We helped the client develop a process to better maintain store equipment inventory and improve service efficiency, mapping equipment inventory to historical data of individual stores’ problems to develop a failure-likelihood pattern.

This predictive model supported an improved customer experience by reducing store downtime, and the increased visibility into equipment performance and service needs helped implement preemptive capacity management.

We believe that a similar model can improve the customer experience in the CPG subscription arena.

Enabling subscription orders to be fulfilled based on real-time data captured through smart devices elevates the experience for customers and retail companies alike. We’ve dubbed this hypothetical solution to monitoring consumption at the source the “connected kitchen shelf.”

It would ensure that inventory was managed more effectively by using live data to keep tabs on the products being stored, their weight (that is, the quantity remaining) and customer usage patterns.

The connected kitchen shelf could be integrated into smart home solutions and devices to place orders based on customer usage. A sensor-enabled system could offer the following features:

  Unified ecosystem.

Smart devices could be operated through an app that can allow the user to monitor and control various parameters, such as refrigerator temperature, product usage and their current subscription levels and frequency.

2    Data insights.

Collected usage data could be analyzed by vendors to identify patterns and anticipate customer expectations to support product or service recommendations.

3    Product marketplace.

A connected app could be further extended to brands and e-commerce providers to extend promotional offers.

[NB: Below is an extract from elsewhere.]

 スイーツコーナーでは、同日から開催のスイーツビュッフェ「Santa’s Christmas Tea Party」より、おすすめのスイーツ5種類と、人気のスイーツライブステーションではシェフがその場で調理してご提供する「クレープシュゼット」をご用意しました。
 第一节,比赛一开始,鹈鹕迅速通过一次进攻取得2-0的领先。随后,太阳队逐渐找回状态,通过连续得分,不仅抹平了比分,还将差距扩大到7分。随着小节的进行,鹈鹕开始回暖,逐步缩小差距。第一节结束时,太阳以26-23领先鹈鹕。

We’re seeing IoT progress on a few fronts, such as the rise of “smart caps” for prescription medication bottles. With smart caps, Bluetooth-enabled caps let users program reminders, and the bottle records usage based on whether the cap has been removed. Clearly, one of their primary benefits is the ability to proactively order refills so that users — notably the elderly or those who cannot or should not leave home — never run out of critical meds.

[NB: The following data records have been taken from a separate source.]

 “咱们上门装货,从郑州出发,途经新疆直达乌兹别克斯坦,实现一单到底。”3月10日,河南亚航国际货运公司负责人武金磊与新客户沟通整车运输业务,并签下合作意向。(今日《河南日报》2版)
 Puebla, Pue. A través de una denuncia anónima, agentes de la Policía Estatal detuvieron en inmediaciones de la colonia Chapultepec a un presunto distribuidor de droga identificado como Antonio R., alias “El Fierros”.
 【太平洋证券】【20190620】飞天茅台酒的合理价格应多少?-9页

In addition to offering an enhanced customer experience, peripheral benefits that emerge from connected devices include:

  • Smart inventory management. Inventory and delivery can be controlled easily by e-commerce companies, thanks to the live data feed on the subscribed products. In turn, usage data shared with manufacturers could be used as an input for sourcing products and planning delivery. Moreover, retailers could change pricing strategies and create bundled offers based on usage data.
  • Cross- and up-selling. Collected data could also be used to suggest complementary products or services to customers based on their usage patterns. This would help e-commerce businesses optimize their inventory across categories and product types. Typical examples would include plan upgrades based on higher-than-expected usage, or an increase in the package size of the subscribed product.
  • Prototyping and promoting. The product usage data and mix would be critical inputs when designing new products, services and promotions. This would improve the customer experience and result in higher satisfaction levels as retailers developed products with evidence-based features and enhanced usability. IoT devices could also be used to seek customer feedback on highly specific product features.

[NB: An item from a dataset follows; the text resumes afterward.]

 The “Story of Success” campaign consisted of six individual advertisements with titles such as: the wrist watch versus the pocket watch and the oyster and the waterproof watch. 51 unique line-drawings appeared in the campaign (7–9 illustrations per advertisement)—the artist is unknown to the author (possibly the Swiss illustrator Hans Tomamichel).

As the smart-caps example demonstrates, IoT is playing an increasingly pivotal role in driving engagement with customers. In one study, subjects were 13% more likely to adhere to their medication schedules when they used the devices.

We believe that IoT will improve the CPG subscription model through greater personalization and flexibility, thus increasing customer loyalty for forward-looking retailers. The challenge will be to develop IoT devices and systems that appeal to customers and can be easily integrated into their already smart home ecosystems in a secure and non-intrusive format.